Assuming an Indonesian buy a 3-bedroom deluxe at Corals at Keppel Bay for $3,500,000 and takes a 80% loan for 20 years at 3% interest rate. This will work out to a monthly repayment of $15,529. So when exchange rate is SGD$1 to Rp10,000, the monthly repayment is Rp155,290,000. When exchange rate is SGD$1 to Rp8,000, monthly repayment is Rp124,232,000, equivalent to a saving of $3,105 per month. This is vice versa should exchange rate falls the other direction. That would mean in fluctuating exchange rates, buyers can choose to pay more instalments when exchange rates are in their favour and minimise to single instalment per month should exchange rate goes otherwise. This has a downward averaging effect on the overall cost of the property. We thank Singapore government for adopting the same decades-old strategy to combat inflation; currency strengthening. This makes Singapore property a good place to deposit your non-SGD savings.

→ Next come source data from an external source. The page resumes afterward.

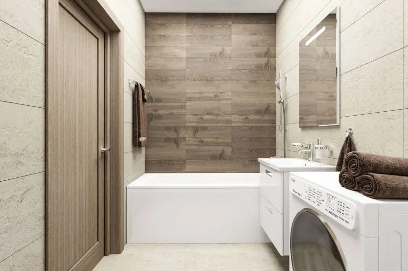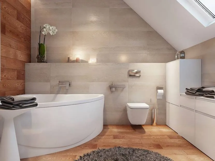 Чтобы пространство не выглядело безликим, важно соблюдать баланс холодных и теплых оттенков. Если для стен выбрана светло-серая или белая керамика, то на пол укладывают плитку в бежевых оттенках (и наоборот).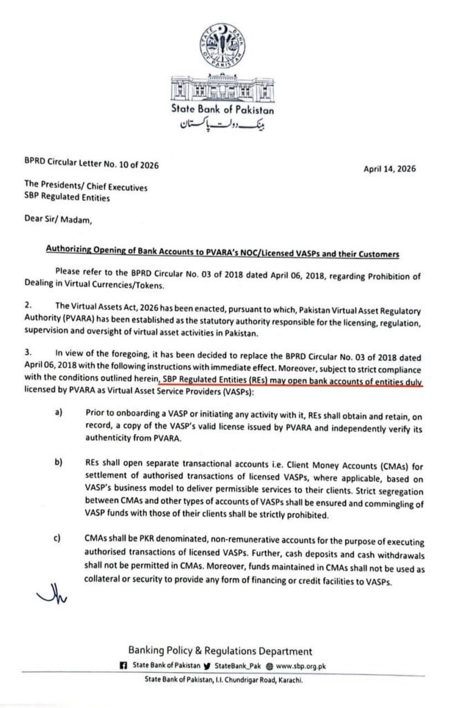 - State Bank of Pakistan’s BPRD Circular No. 10 of 2026 replaces the 2018 ban, allowing banks to open accounts for PVARA-licensed crypto firms under strict AML rules.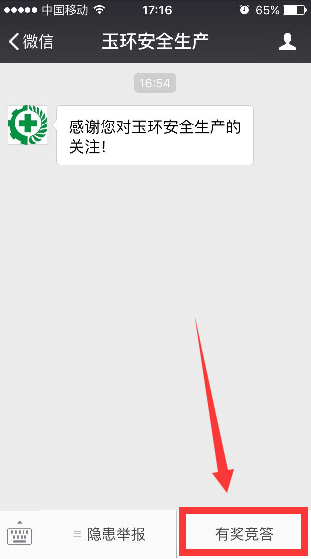 玉环安全生产 隆重推出答题抢红包活动啦~~ 是的,你没有看错!!! 每天上午12点整!!! 赶快转发朋友圈 通知你们的亲朋好友 一起来抢~~ 另:活动10月24日正式启动哦! 活动名称宣传《安全生产法》实施两周年暨《浙江省安全生产条例》正式实施微信有奖竞答答题抢红包 10月24日-10月28日 每天上午12点 玉环安全生产活动步骤第一步搜索微信公众号关注我们 玉环安全生产 第二步 特别提醒:5题答对3题就能抢红包了哦~准备好了吗?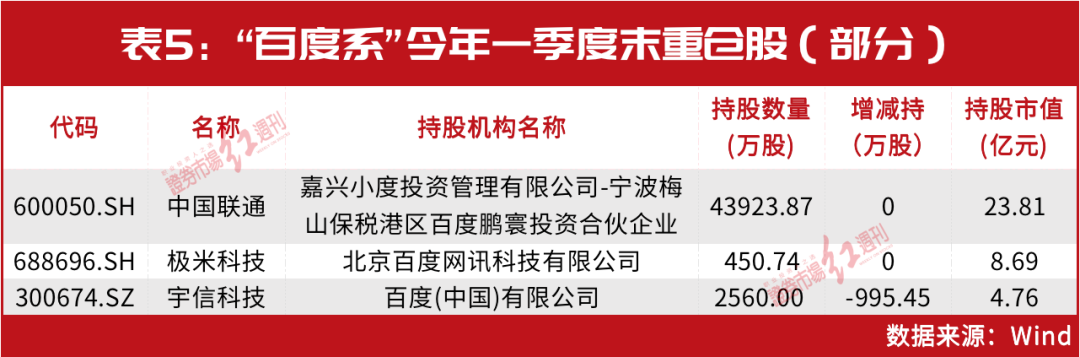 “百度系”和“京东系”则在围绕产业链布局,如主打人工智能领域的“百度系”就主要在围绕这个方向,同时重仓了国内智能投影设备行业龙头极米科技和“银行数据+AI第一股”宇信科技(见表5)。

Singapore property has low volatility because government is quick to step in when economic bubble starts to form. In recent years, the curbs to such situations are in the form of stamp duties and gearing restrictions like TDSR or lower Loan-To-Value. While this dampens the mood to investors looking to make short-term gains, it is a great advantage to people who wants to park their money in safer haven.

Due to measures to control LTV and manage TDSR, banks are still able to keep interest rates attractive when compared to countries like China, Indonesia or Malaysia. Agent fees for rental transactions are also lower, 4.16% as compared to 6%-8% overseas. This leads to lower operating expenses for Singapore property investments.


While other countries with higher interest rates may have higher rental yield, this may not be the only dimension when rental return is considered. Other factors to consider are vacancy period and upkeep of property. The amount of Government Land Sales each year is correlated to the increase in amount of employment passes, new citizens, Permanent Residents with some buffer for foreign buyers. Hence, severe oversupply with long vacancy period is less likely to occur unless expectations of landlords are misaligned. The rationale behind this is to ensure that owners who buy property for investment can still afford the monthly repayment, leading to a more robust banking system. Strict building standards imposed by government authorities like URA and BCA ensures certain minimum standards in the produces. It is also observed the upkeep of older properties tends to be better when it comes to Singapore. Hence, long term maintenance cost are kept lower.